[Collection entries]

------------------------------------

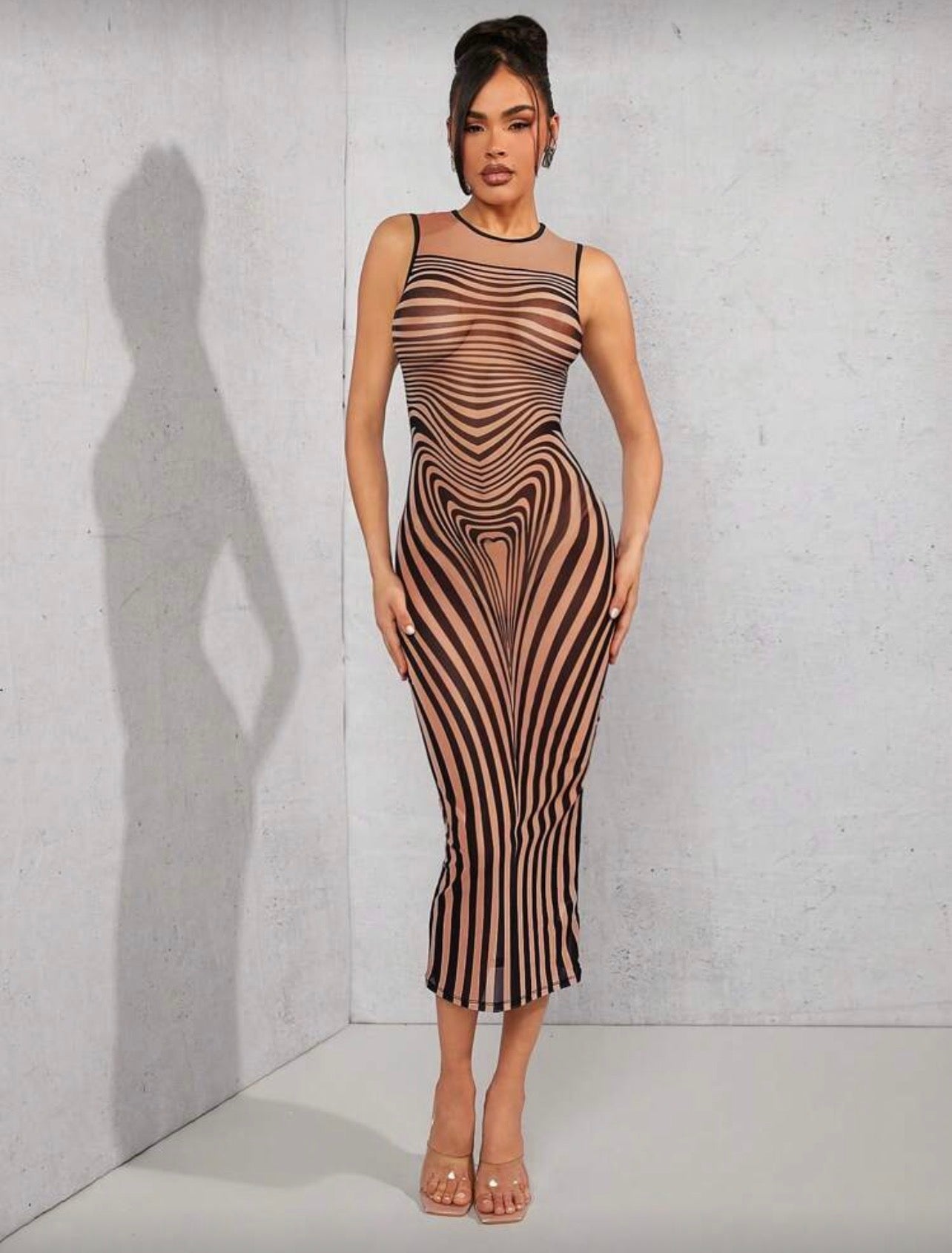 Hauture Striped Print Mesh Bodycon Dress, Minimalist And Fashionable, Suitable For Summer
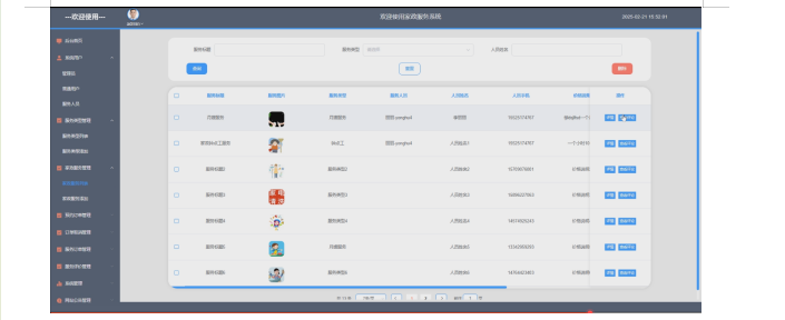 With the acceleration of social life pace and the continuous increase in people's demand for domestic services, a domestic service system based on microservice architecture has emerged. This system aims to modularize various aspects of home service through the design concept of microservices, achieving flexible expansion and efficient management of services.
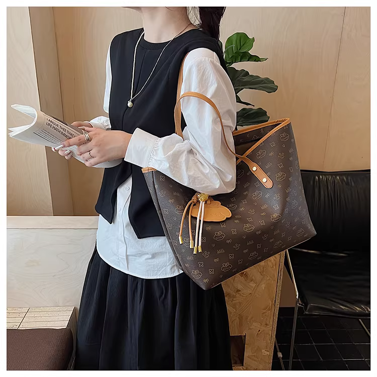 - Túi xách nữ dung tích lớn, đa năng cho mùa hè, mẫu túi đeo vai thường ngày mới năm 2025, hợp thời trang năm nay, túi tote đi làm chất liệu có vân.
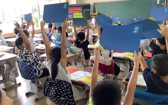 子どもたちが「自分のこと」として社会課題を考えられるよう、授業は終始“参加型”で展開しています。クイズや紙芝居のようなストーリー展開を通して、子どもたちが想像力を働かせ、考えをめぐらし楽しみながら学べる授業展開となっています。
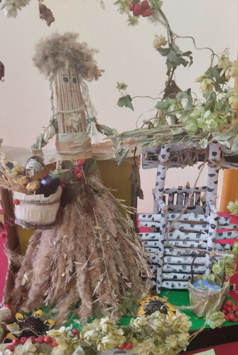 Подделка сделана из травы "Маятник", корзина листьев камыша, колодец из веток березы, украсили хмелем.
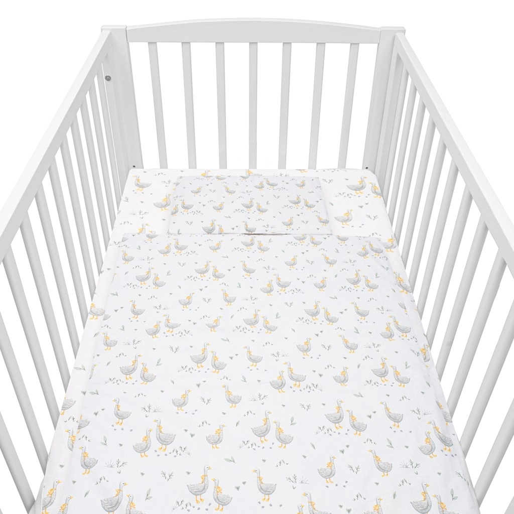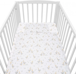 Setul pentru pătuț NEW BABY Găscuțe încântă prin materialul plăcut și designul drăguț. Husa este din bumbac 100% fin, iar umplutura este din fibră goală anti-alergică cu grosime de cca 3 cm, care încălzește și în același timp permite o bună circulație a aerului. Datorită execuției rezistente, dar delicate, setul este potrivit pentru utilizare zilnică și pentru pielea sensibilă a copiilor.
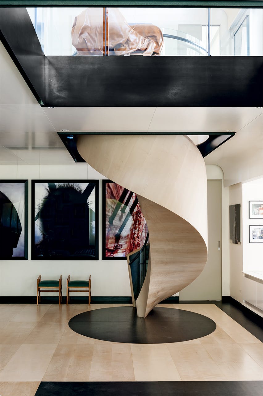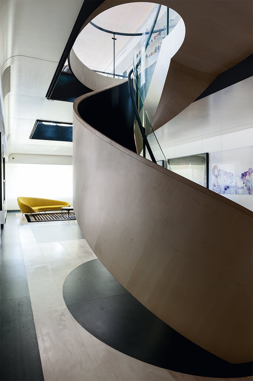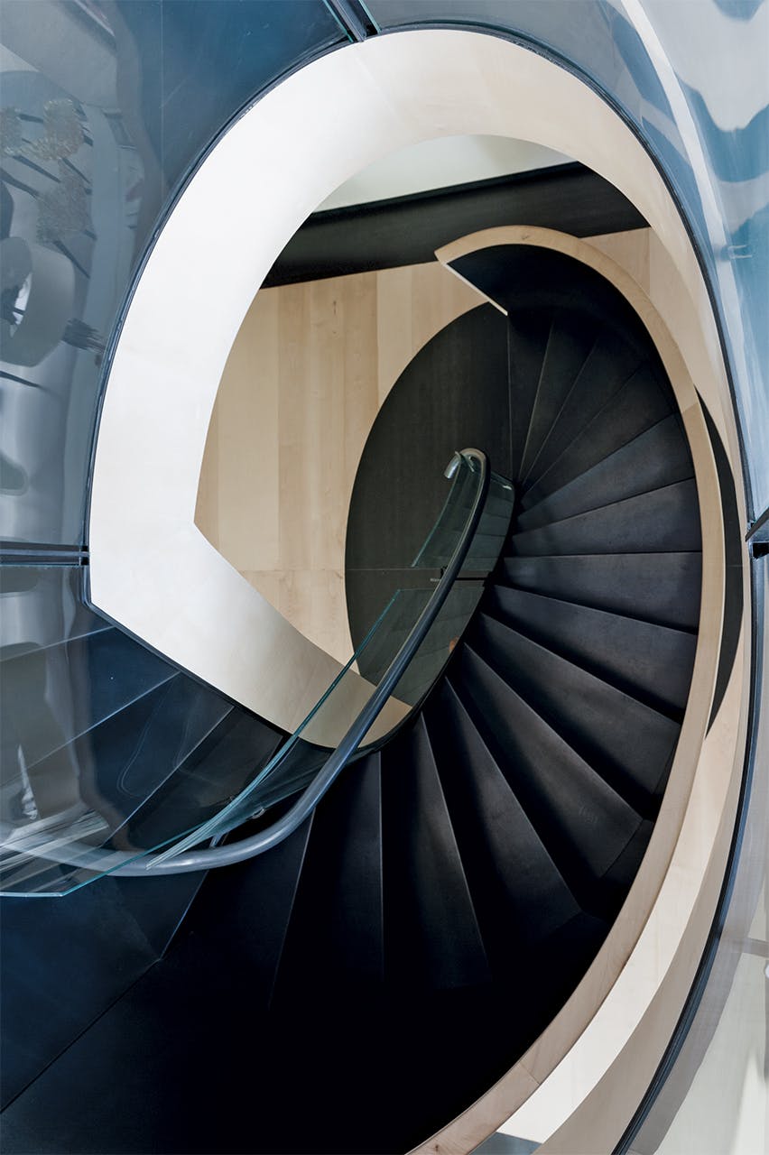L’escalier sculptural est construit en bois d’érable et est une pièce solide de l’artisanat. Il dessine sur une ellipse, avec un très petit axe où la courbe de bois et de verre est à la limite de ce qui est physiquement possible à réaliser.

------------------------------------

Write out each line again, exactly as it appears above, except for any picture.

 Hauture Striped Print Mesh Bodycon Dress, Minimalist And Fashionable, Suitable For Summer
 With the acceleration of social life pace and the continuous increase in people's demand for domestic services, a domestic service system based on microservice architecture has emerged. This system aims to modularize various aspects of home service through the design concept of microservices, achieving flexible expansion and efficient management of services.
 - Túi xách nữ dung tích lớn, đa năng cho mùa hè, mẫu túi đeo vai thường ngày mới năm 2025, hợp thời trang năm nay, túi tote đi làm chất liệu có vân.
 子どもたちが「自分のこと」として社会課題を考えられるよう、授業は終始“参加型”で展開しています。クイズや紙芝居のようなストーリー展開を通して、子どもたちが想像力を働かせ、考えをめぐらし楽しみながら学べる授業展開となっています。
 Подделка сделана из травы "Маятник", корзина листьев камыша, колодец из веток березы, украсили хмелем.
 Setul pentru pătuț NEW BABY Găscuțe încântă prin materialul plăcut și designul drăguț. Husa este din bumbac 100% fin, iar umplutura este din fibră goală anti-alergică cu grosime de cca 3 cm, care încălzește și în același timp permite o bună circulație a aerului. Datorită execuției rezistente, dar delicate, setul este potrivit pentru utilizare zilnică și pentru pielea sensibilă a copiilor.
L’escalier sculptural est construit en bois d’érable et est une pièce solide de l’artisanat. Il dessine sur une ellipse, avec un très petit axe où la courbe de bois et de verre est à la limite de ce qui est physiquement possible à réaliser.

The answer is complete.